Only an immortal eye or hand could “frame” such a fearful symmetry. The metaphor used is smithy with tools like the hammer , the chain and the furnace. Framing would imply containing the contradicting elements of the composition – beauty of the tiger’s form with the fierceness of its posture. The fearfulness is accomplished by twisting the sinews of its heart with an amazing art and by a powerful shoulder. The tiger is beautiful form pleasing to the eye but its fierceness flows from its heart , a terror achieved after the sinews are hammered into place and the heart starts beating.

Once the heart starts beating, what hand dare seize the fire,what wings aspire! Who is the “he” who is supposed to aspire on wings? Surely not Icarus of waxen wings aspiring to the sun or the child monkey God of the Hindu pantheon who climbed the skies to eat the fruit of a sun and burnt his mouth red.

What immortal hand or eye dare
Frame they fearful symmetry

A mortal hand or eye cannot dare frame such symmetry .It will be singed by the fires of the tiger’s being.It is only God who can dare to do it or clasp its deadly terrors. It is He who created its symmetry.To frame is to capture the very essence of the tiger’s being.

Some lovely usages that have caught my fancy are

Burning bright
Burning bright denotes more light than heat

The forests of the night
A beautiful mixing of space with time

Immortal hand or eye

Hand or eye is hand or eye in the abstract because it is part of an immortal body. hand because the blacksmith forges with his hand to shape but uses eye to decide proportions.

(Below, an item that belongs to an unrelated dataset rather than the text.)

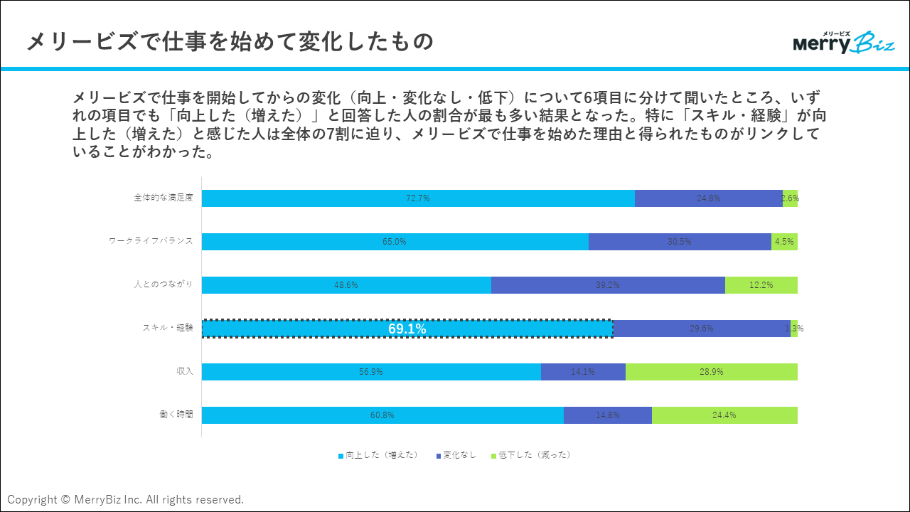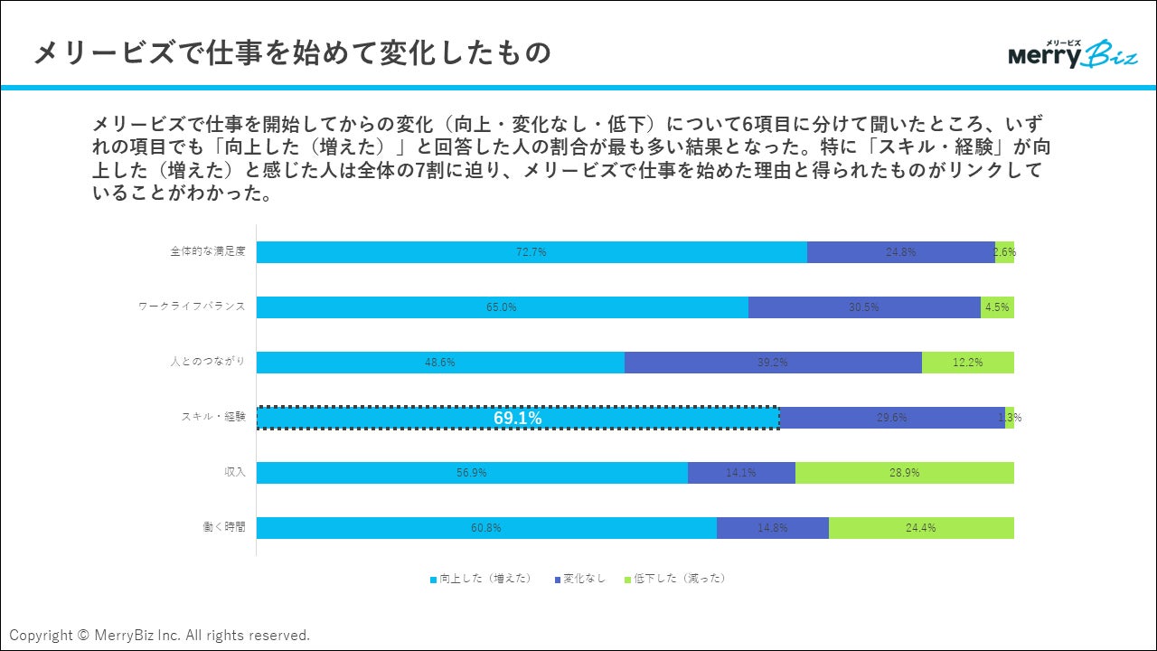 一方で、「メリービズのお仕事を始めてから向上したもの」では「スキル・経験」が69.1%となり、「始めた理由」のスキル面について7割近くの人が向上していると感じていることがわかりました。

Frame is used here in the context of taming uncontrolled nature, in order to bring about symmetry

I am not sure if the poet meant the aspiring Icarus whose wings melted in the sun.

In what distant deeps
In the netherworld that is hell with its blazing fires

Did he smile his work to see?
I love the line for the simplicity of this highly graphic image . God smiles down on the tiger with an artist’s pleasure ( looking at the work of art he had created)

What shoulder , What art
Shoulder is the smith’s physical labour involved in shaping the object. Art is the brain involved in bringing symmetry to the finished product.

Twisting the sinews of thy heart
The process of forging the heart is almost physical like twisting the sinews tightly to ensure they are in place.